I’d written it as a reference to a shiny new romance I’d been swept away into – the initial, whirlwind relationship between me and my now husband. It had meant everything I thought love was: kindness and chemistry, compatibility and trust. It was my declaration of commitment at the ripe age of 20, signed with a Sharpie and sealed with a kiss.
I sometimes look at this old, ragged version of love and think that perhaps I’d had it wrong. At 20, it looked a lot like mixed CDs and weekend road trips and late-night conversations with burning cookies in the oven. At 30, it looks a lot like taking out the trash in subzero temperatures. Like matching toothbrushes and rusted silverware and aging dogs. Like compromise and community and respect.

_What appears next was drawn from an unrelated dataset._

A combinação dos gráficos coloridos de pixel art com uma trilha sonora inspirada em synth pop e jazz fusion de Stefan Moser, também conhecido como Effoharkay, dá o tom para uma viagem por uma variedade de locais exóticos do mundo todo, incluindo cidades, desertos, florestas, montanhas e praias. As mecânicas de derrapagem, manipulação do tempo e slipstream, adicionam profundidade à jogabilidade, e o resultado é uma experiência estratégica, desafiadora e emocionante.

And at 40, 50, 60, I’m imagining we’ll have only scratched the surface of creating the love that only we can define.
But then I think, in a way, I’d had it all right. “This is love.” It’s what you have, what you see, what you treasure. What you do. It’s right now.

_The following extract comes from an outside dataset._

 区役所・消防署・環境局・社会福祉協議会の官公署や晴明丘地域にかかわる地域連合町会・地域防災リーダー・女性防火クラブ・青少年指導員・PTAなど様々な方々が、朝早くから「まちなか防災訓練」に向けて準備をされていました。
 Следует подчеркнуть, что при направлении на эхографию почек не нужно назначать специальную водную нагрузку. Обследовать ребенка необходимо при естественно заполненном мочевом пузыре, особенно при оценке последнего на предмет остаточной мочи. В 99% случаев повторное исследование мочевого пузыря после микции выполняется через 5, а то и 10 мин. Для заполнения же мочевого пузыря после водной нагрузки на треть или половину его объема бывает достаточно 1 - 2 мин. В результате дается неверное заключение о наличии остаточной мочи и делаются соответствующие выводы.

I’ve always been a firm believer that love is a choice, a calling. A challenge to fall into something bigger and deeper in an environment that beckons you to become your most vulnerable self. Love is a quick stop to the grocery store for wine and cheese before celebrating your best friend’s new job. Love is a postcard sent to your old English teacher, thanking her for the gift of education. Love is shoveling your neighbor’s sidewalk, cutting your baby’s veggies, holding your sister’s hand.
This month, we’re celebrating love in all of its forms: we’ll share how to create a loving home and how to – finally – stop comparing yourself to others for good. We’ll chat about foods to boost moods, beauty indulgences to boost skin, style to boost spirits. We’ll talk about how to celebrate Valentine’s Day – with or without a Valentine – and why it matters so, so much.
Because this is love. It is here and now. It is faith and anxiety and imbalance and joy and sorrow and endurance. It is the everyday, the always.
And because long after the threads of today are worn and faded, sprinkled with dot-sized holes and tiny shreds, we’ll still have this. We’ll still have love.